• [Exercise aim] All of the data that follows should be given again exactly, without its images.

• [Provided records]
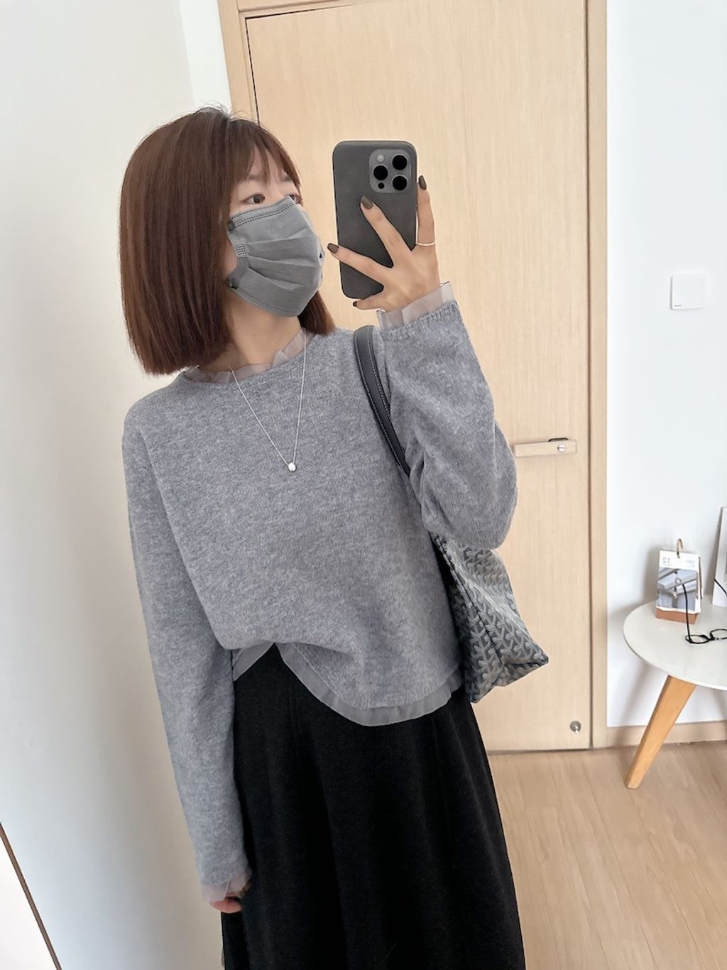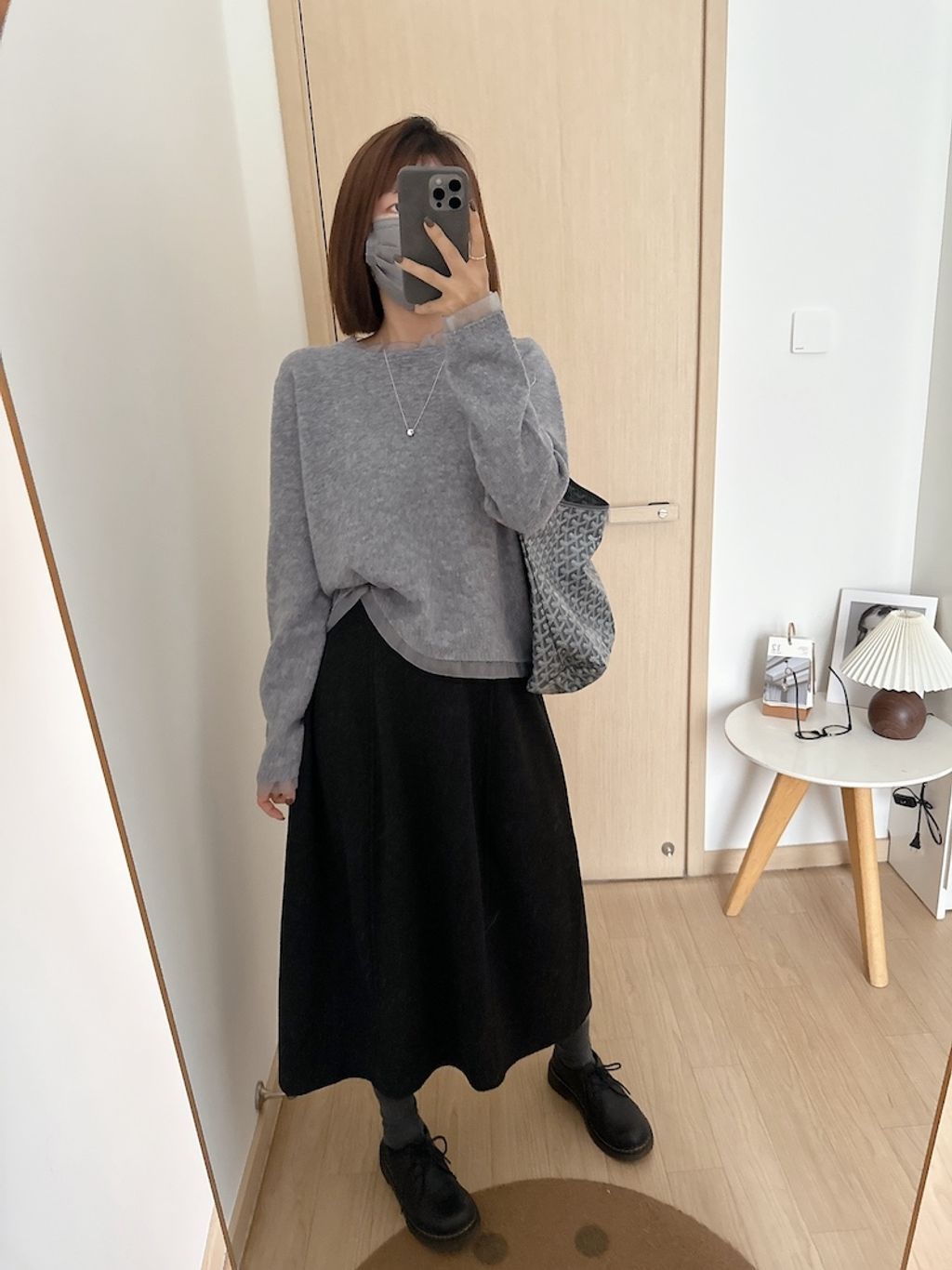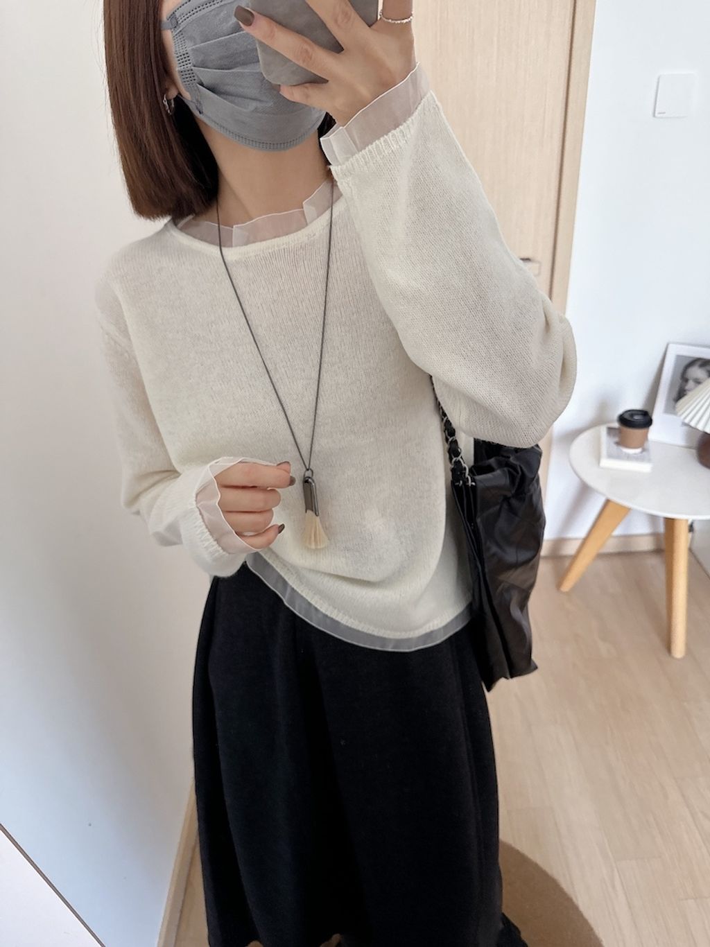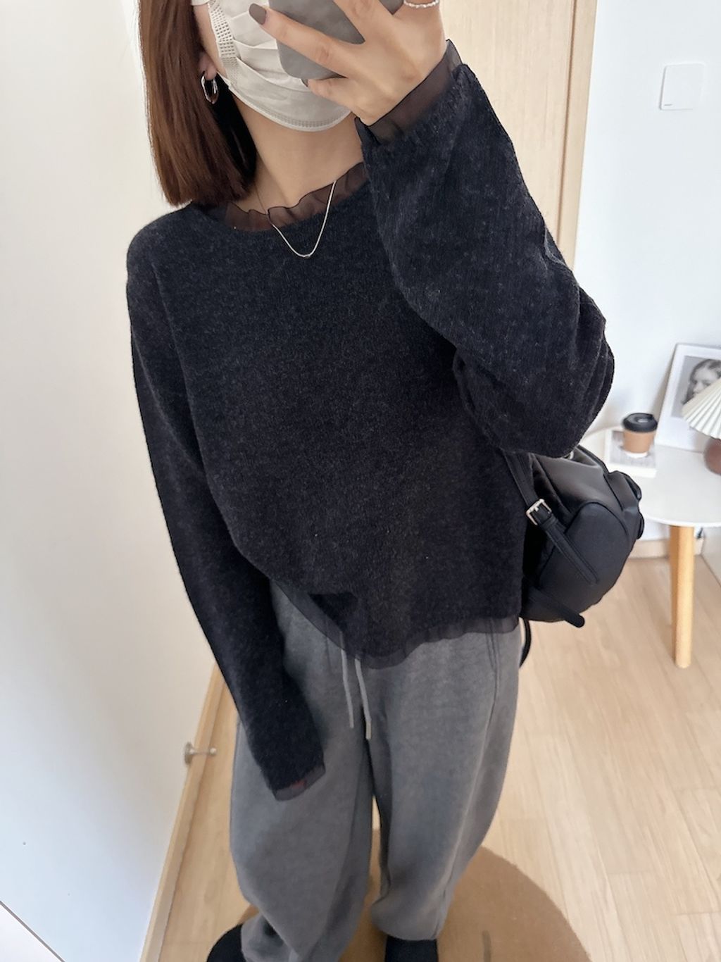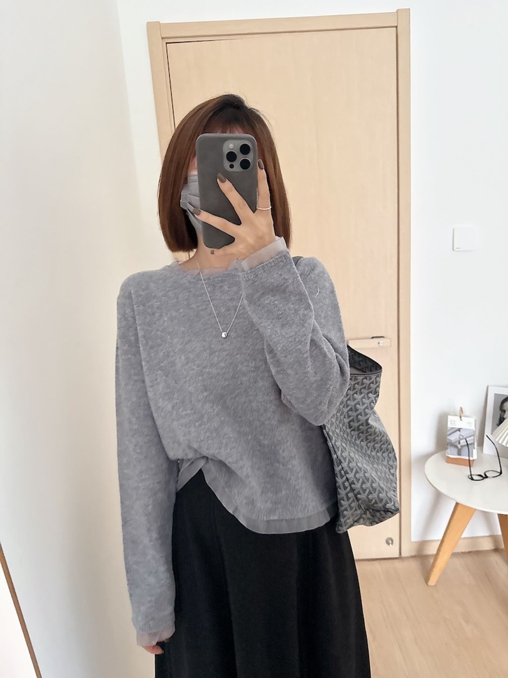 溫柔氣質拼接紗高級羊毛柔軟毛衣*灰黑白*【S1216-156】
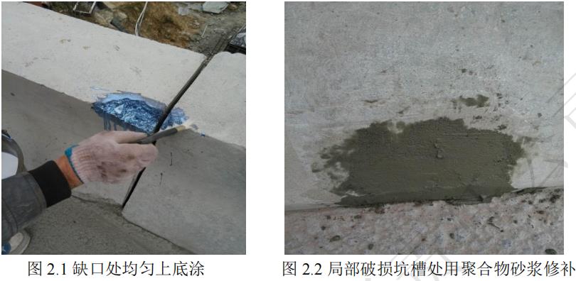 第二道工序:將局部破損較嚴重區域采用聚合物砂漿修補平整。
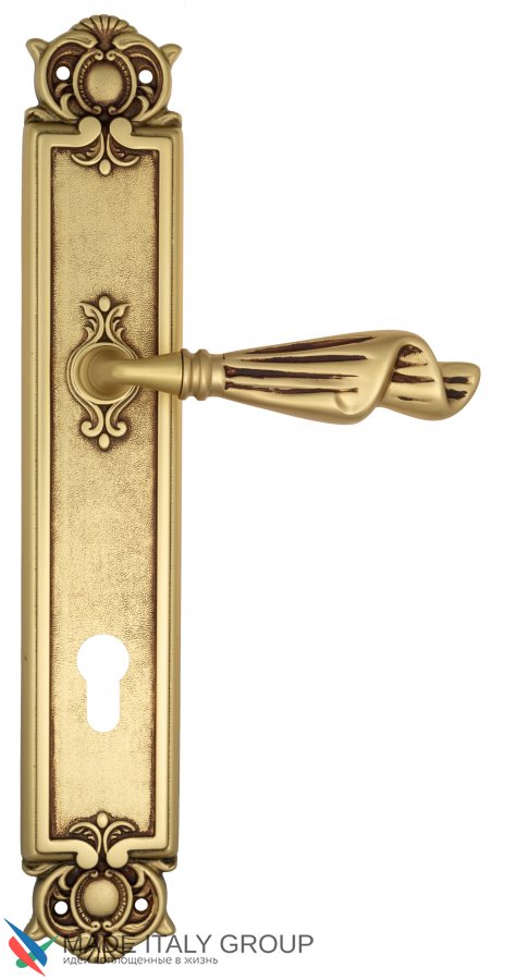 Дверная ручка Venezia OPERA CYL на планке PL97 французское золото + коричневый
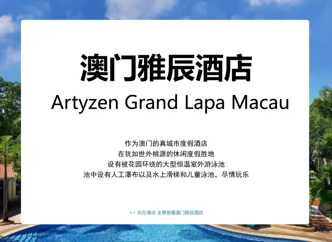 以精品生活及都市度假盛名的澳门雅辰酒店位于澳门中心地段,紧邻世界遗产景点,是您领略小城故事及文化底蕴的一扇窗。酒店英文名“Artyzen Grand Lapa”,灵感源自里斯本著名的名人聚居地拉帕社区 (Lapa)。酒店内的艺术、文化、美食和建筑率先带您领略充满活力且风情万种的澳门。
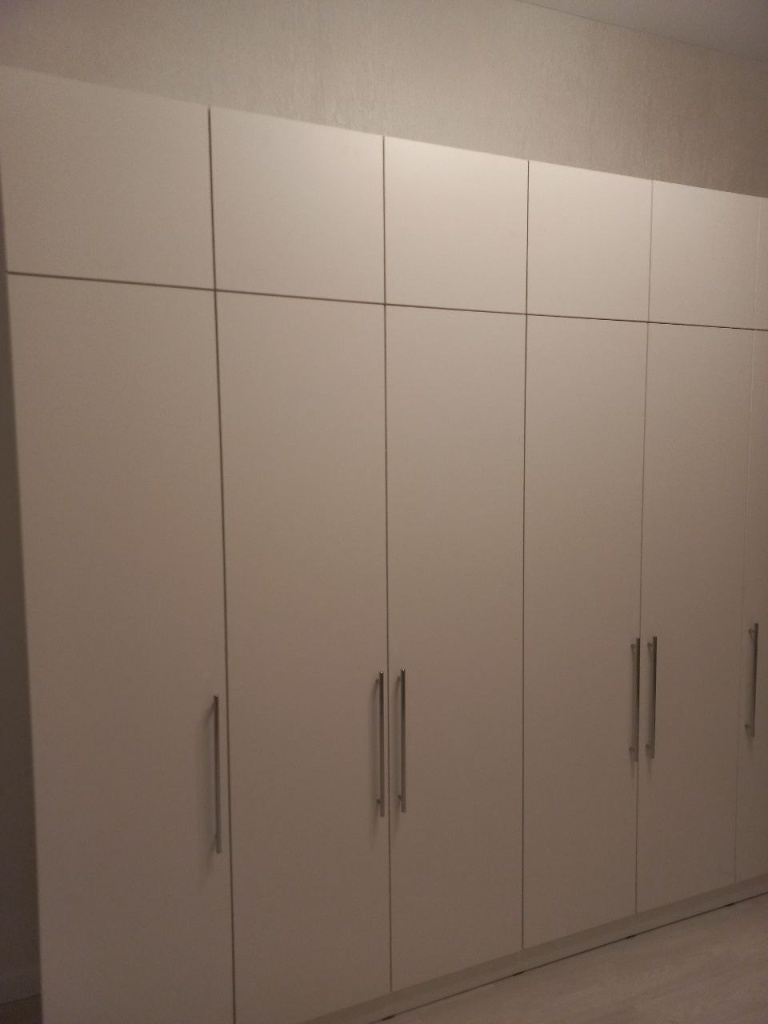 Шкаф покупали в прошлом году. Оформили в мебельном магазине лично. Мы внесли свои коррективы. Все ок. Когда доставили обнаружили, что положили разные ручки для дверей. Попросили заменить. Привезли на следующий день, но снова не такие. Решили уже забыть. (Брючницу на фото уже докупали сами)
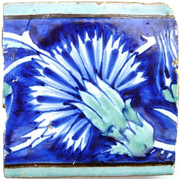 NEVERS. 7 carreaux. 3 carreaux polychromes à décor géométrique, marque D. Nevers, XIXème. 120 x 120 cm ; Carreau polychrome à décor d'une vache, XIXème, 100 x 100 mm ; 2 carreaux polychromes à décor géométrique, marques A.L. Nevers et L.E. Nevers., 100 x 100 mm ; Carreau bleu-vert à décor d'un chardon, marque en creux aux D entrelacés, 130 x 130 mm.
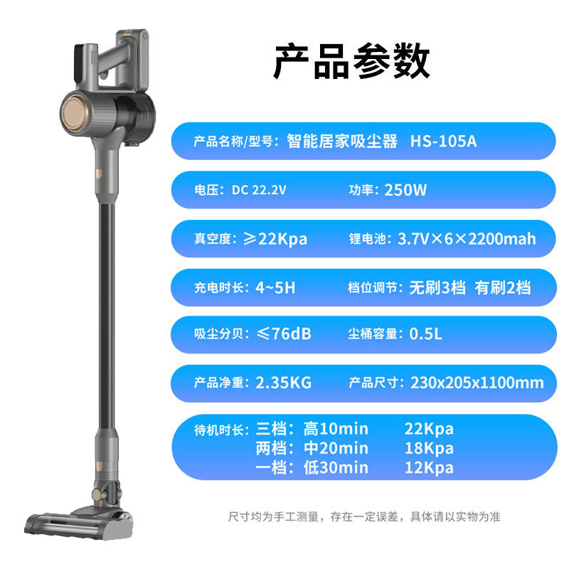 เครื่องดูดฝุ่นอัจฉริยะสำหรับบ้าน รุ่น HS 105A กำลังไฟ 250 วัตต์ แบบไร้สาย ดูดฝุ่นได้แรง 22 กิโลปาสคาล พร้อมแบตเตอรี่ 2200 มิลลิแอมป์

• [Output for this exercise]
 溫柔氣質拼接紗高級羊毛柔軟毛衣*灰黑白*【S1216-156】
 第二道工序:將局部破損較嚴重區域采用聚合物砂漿修補平整。
 Дверная ручка Venezia OPERA CYL на планке PL97 французское золото + коричневый
 以精品生活及都市度假盛名的澳门雅辰酒店位于澳门中心地段,紧邻世界遗产景点,是您领略小城故事及文化底蕴的一扇窗。酒店英文名“Artyzen Grand Lapa”,灵感源自里斯本著名的名人聚居地拉帕社区 (Lapa)。酒店内的艺术、文化、美食和建筑率先带您领略充满活力且风情万种的澳门。
 Шкаф покупали в прошлом году. Оформили в мебельном магазине лично. Мы внесли свои коррективы. Все ок. Когда доставили обнаружили, что положили разные ручки для дверей. Попросили заменить. Привезли на следующий день, но снова не такие. Решили уже забыть. (Брючницу на фото уже докупали сами)
 NEVERS. 7 carreaux. 3 carreaux polychromes à décor géométrique, marque D. Nevers, XIXème. 120 x 120 cm ; Carreau polychrome à décor d'une vache, XIXème, 100 x 100 mm ; 2 carreaux polychromes à décor géométrique, marques A.L. Nevers et L.E. Nevers., 100 x 100 mm ; Carreau bleu-vert à décor d'un chardon, marque en creux aux D entrelacés, 130 x 130 mm.
 เครื่องดูดฝุ่นอัจฉริยะสำหรับบ้าน รุ่น HS 105A กำลังไฟ 250 วัตต์ แบบไร้สาย ดูดฝุ่นได้แรง 22 กิโลปาสคาล พร้อมแบตเตอรี่ 2200 มิลลิแอมป์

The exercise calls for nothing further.